The data should be written out in full, exactly as it stands, and the pictures dropped.

Segment Start: EXCERPTED RECORDS

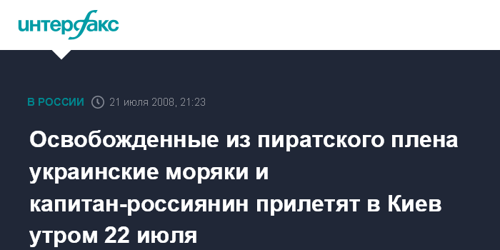 Освобожденные из пиратского плена украинские моряки и капитан-россиянин прилетят в Киев утром 22 июля
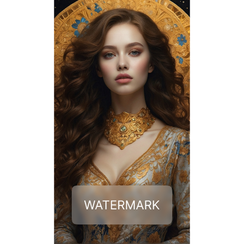 An exquisite portrait of a woman embodying nobility, with luscious wavy hair, dressed in a golden embroidered gown, complemented by an ornate necklace. Her halo suggests a touch of the divine.
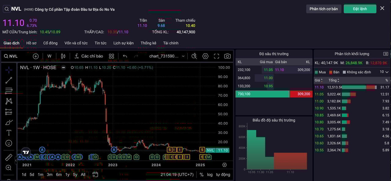 Xét theo phân tích kỹ thuật, cổ phiếu NVL đã tăng gần 28% từ vùng đáy, cho tín hiệu kết thúc xu hướng giảm. Đà tăng trong phiên hôm nay được hỗ trợ bởi thông tin tích cực liên quan đến vụ kiện của doanh nghiệp tại dự án trị giá 10.000 tỷ đồng.
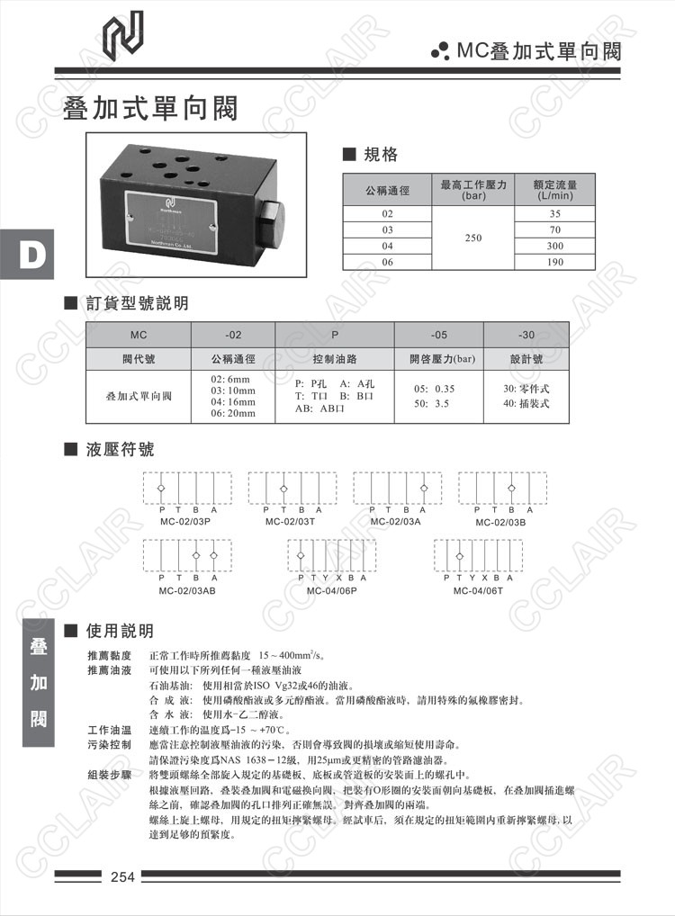 Northman台湾北部精机,叠加式单向阀MC-02-P-05-30,MC-02-P-05-40,MC-02-T-50-30,MC-02-T-50-40,MC-03-T-05-30,MC-03-T-05-40,MC-03-T-50-30,MC-03-T-50-40,MC-06-P-50-30,MC-06-P-50-40,MC-06-AB-50-30,MC-06-AB-50-40
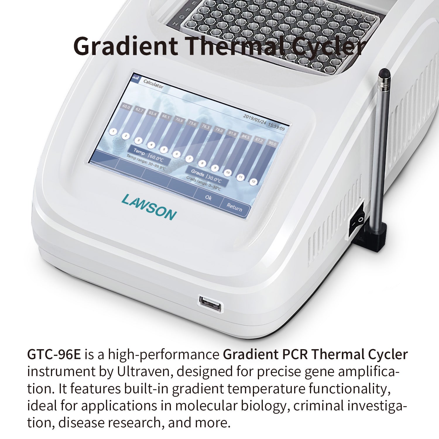 - GTC‑96E is a high-performance PCR Gradient Thermal Cycler instrument by Ultraven, designed for precise gene amplification.
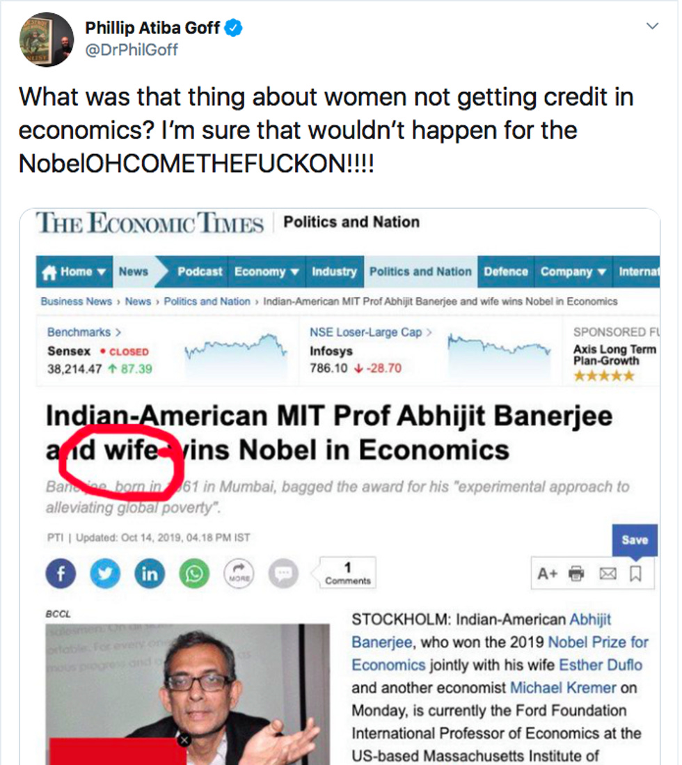 You'd think newspapers would know enough by now to stop diminishing a woman's contributions to society just because she married a man. If they weren't a couple, the headline couldn't very well read Abhijit Banerjee And Chick Who's Not His Wife (But He's Working On That Shit) Win Nobel Prize .
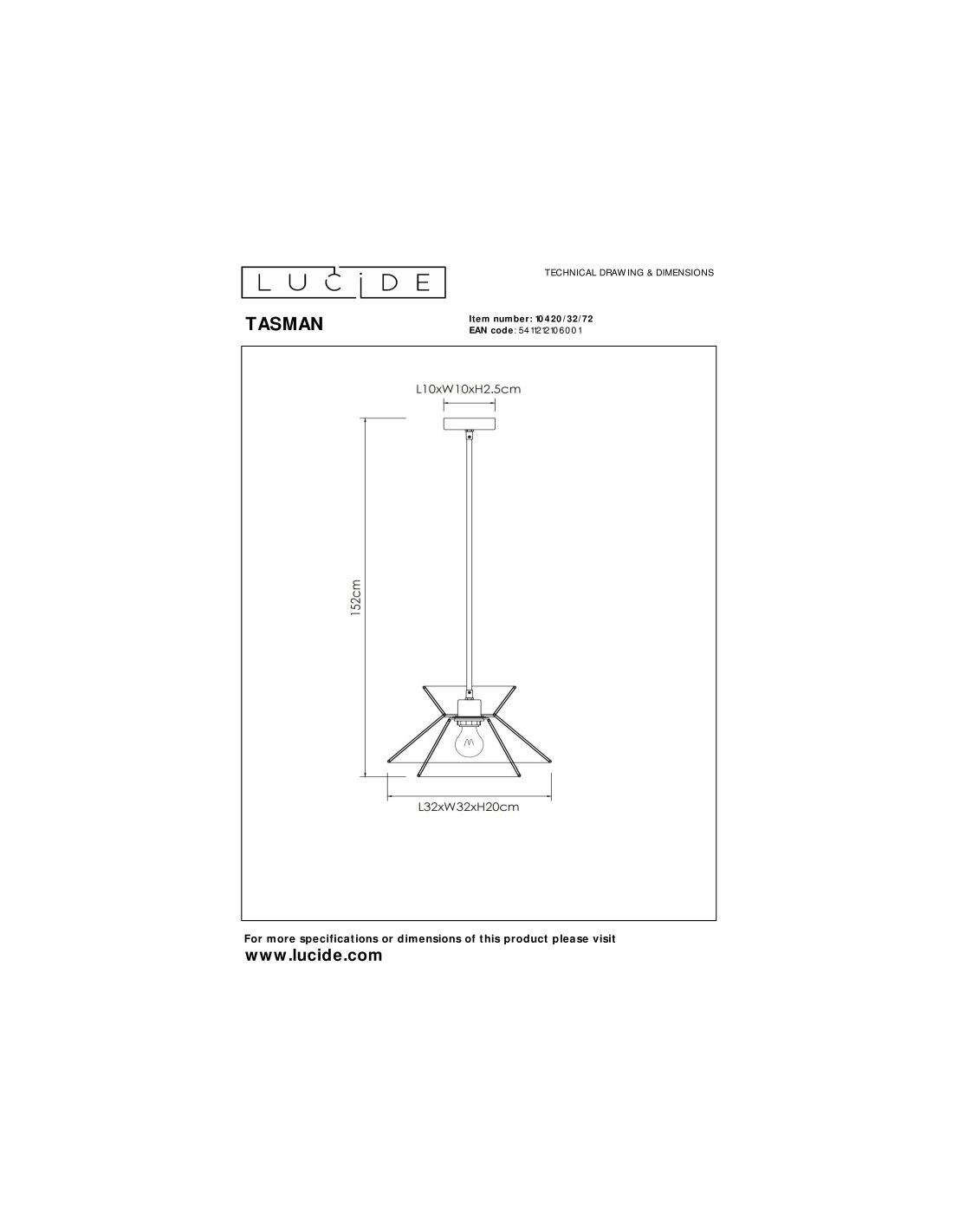 • Consommation énergétique: 1x60W / 230V / A intensité variable (Ampoule non incluse)
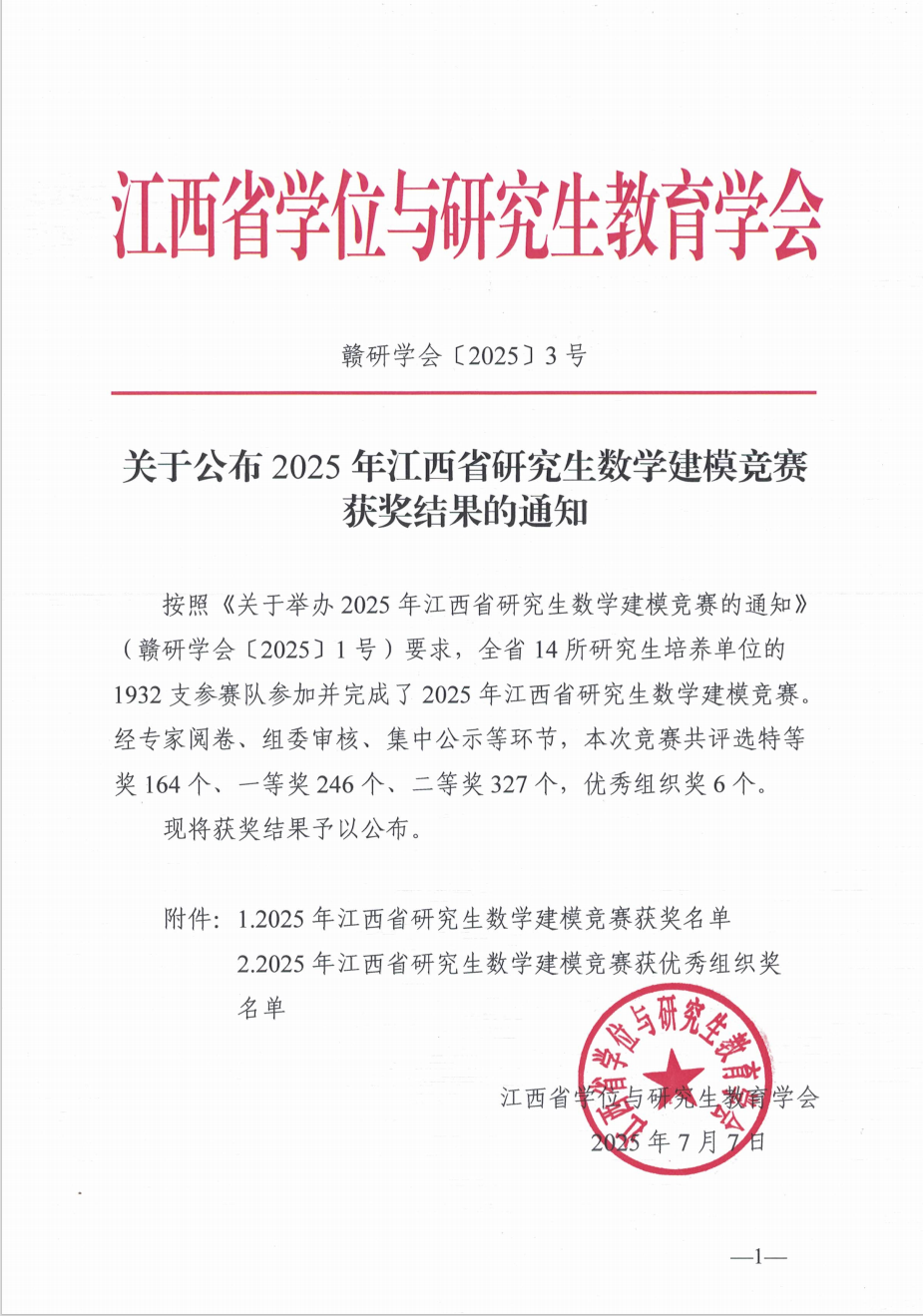 本网讯(文/余少奇 徐嘉)近日,2025年江西省研究生数学建模竞赛成绩公布,我校组织参赛队伍共21支,10支参赛队伍获省级奖项,其中特等奖5项,一等奖5项。

Segment End: EXCERPTED RECORDS

(RESPONSE):
 Освобожденные из пиратского плена украинские моряки и капитан-россиянин прилетят в Киев утром 22 июля
 An exquisite portrait of a woman embodying nobility, with luscious wavy hair, dressed in a golden embroidered gown, complemented by an ornate necklace. Her halo suggests a touch of the divine.
 Xét theo phân tích kỹ thuật, cổ phiếu NVL đã tăng gần 28% từ vùng đáy, cho tín hiệu kết thúc xu hướng giảm. Đà tăng trong phiên hôm nay được hỗ trợ bởi thông tin tích cực liên quan đến vụ kiện của doanh nghiệp tại dự án trị giá 10.000 tỷ đồng.
 Northman台湾北部精机,叠加式单向阀MC-02-P-05-30,MC-02-P-05-40,MC-02-T-50-30,MC-02-T-50-40,MC-03-T-05-30,MC-03-T-05-40,MC-03-T-50-30,MC-03-T-50-40,MC-06-P-50-30,MC-06-P-50-40,MC-06-AB-50-30,MC-06-AB-50-40
 - GTC‑96E is a high-performance PCR Gradient Thermal Cycler instrument by Ultraven, designed for precise gene amplification.
 You'd think newspapers would know enough by now to stop diminishing a woman's contributions to society just because she married a man. If they weren't a couple, the headline couldn't very well read Abhijit Banerjee And Chick Who's Not His Wife (But He's Working On That Shit) Win Nobel Prize .
 • Consommation énergétique: 1x60W / 230V / A intensité variable (Ampoule non incluse)
 本网讯(文/余少奇 徐嘉)近日,2025年江西省研究生数学建模竞赛成绩公布,我校组织参赛队伍共21支,10支参赛队伍获省级奖项,其中特等奖5项,一等奖5项。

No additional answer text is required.